Material for this task |

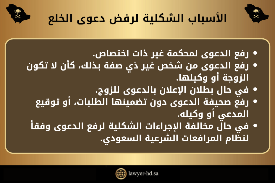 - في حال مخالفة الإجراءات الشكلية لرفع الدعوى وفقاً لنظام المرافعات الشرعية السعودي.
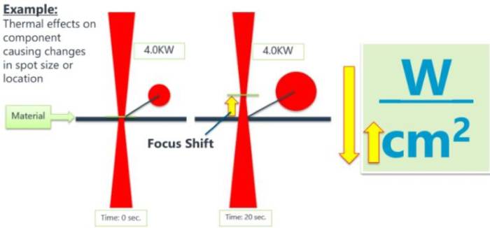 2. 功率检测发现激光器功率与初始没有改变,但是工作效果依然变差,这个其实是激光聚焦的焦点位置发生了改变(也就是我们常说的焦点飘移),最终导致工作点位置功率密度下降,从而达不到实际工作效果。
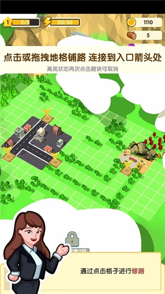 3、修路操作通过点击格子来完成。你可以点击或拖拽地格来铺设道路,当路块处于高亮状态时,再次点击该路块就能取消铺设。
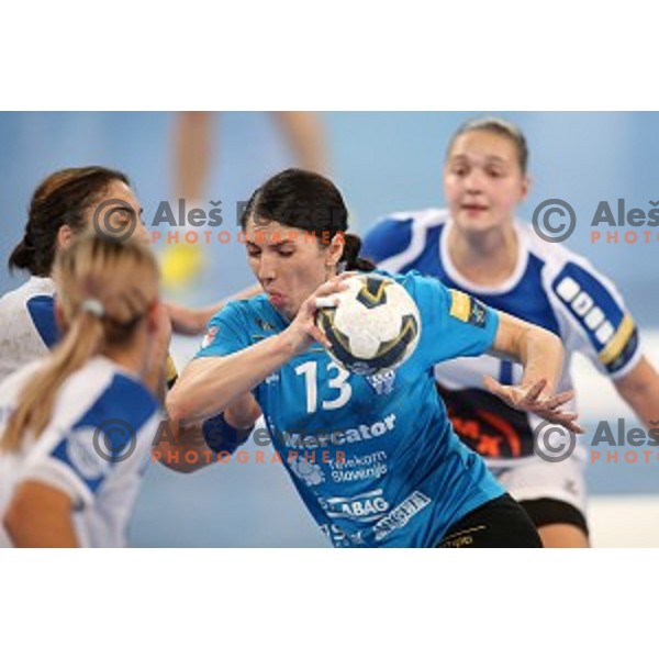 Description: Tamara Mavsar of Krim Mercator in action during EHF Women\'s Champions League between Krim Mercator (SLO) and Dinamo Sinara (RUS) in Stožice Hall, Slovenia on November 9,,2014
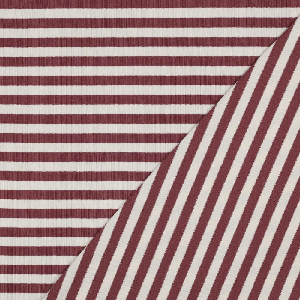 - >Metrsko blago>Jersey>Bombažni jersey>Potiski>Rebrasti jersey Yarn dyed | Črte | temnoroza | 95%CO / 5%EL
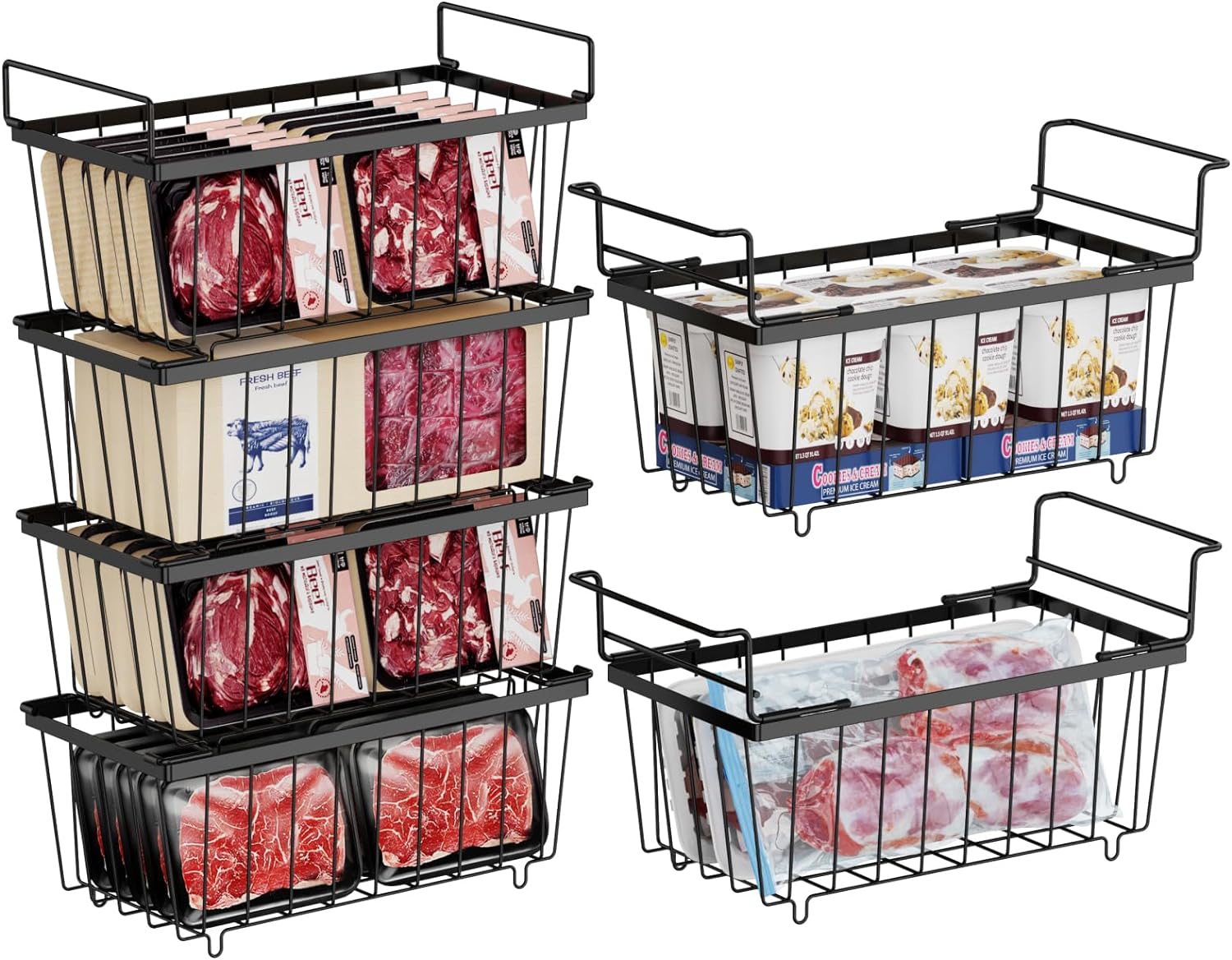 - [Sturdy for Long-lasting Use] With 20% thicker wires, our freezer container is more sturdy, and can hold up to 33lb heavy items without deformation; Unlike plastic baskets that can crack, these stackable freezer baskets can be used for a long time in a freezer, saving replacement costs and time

Work to be completed | Repeat only what runs from the first line of the records above to the line with "3、修路操作通过点击格子来完", both included, word for word, minus the pictures.

Written response |
 - في حال مخالفة الإجراءات الشكلية لرفع الدعوى وفقاً لنظام المرافعات الشرعية السعودي.
 2. 功率检测发现激光器功率与初始没有改变,但是工作效果依然变差,这个其实是激光聚焦的焦点位置发生了改变(也就是我们常说的焦点飘移),最终导致工作点位置功率密度下降,从而达不到实际工作效果。
 3、修路操作通过点击格子来完成。你可以点击或拖拽地格来铺设道路,当路块处于高亮状态时,再次点击该路块就能取消铺设。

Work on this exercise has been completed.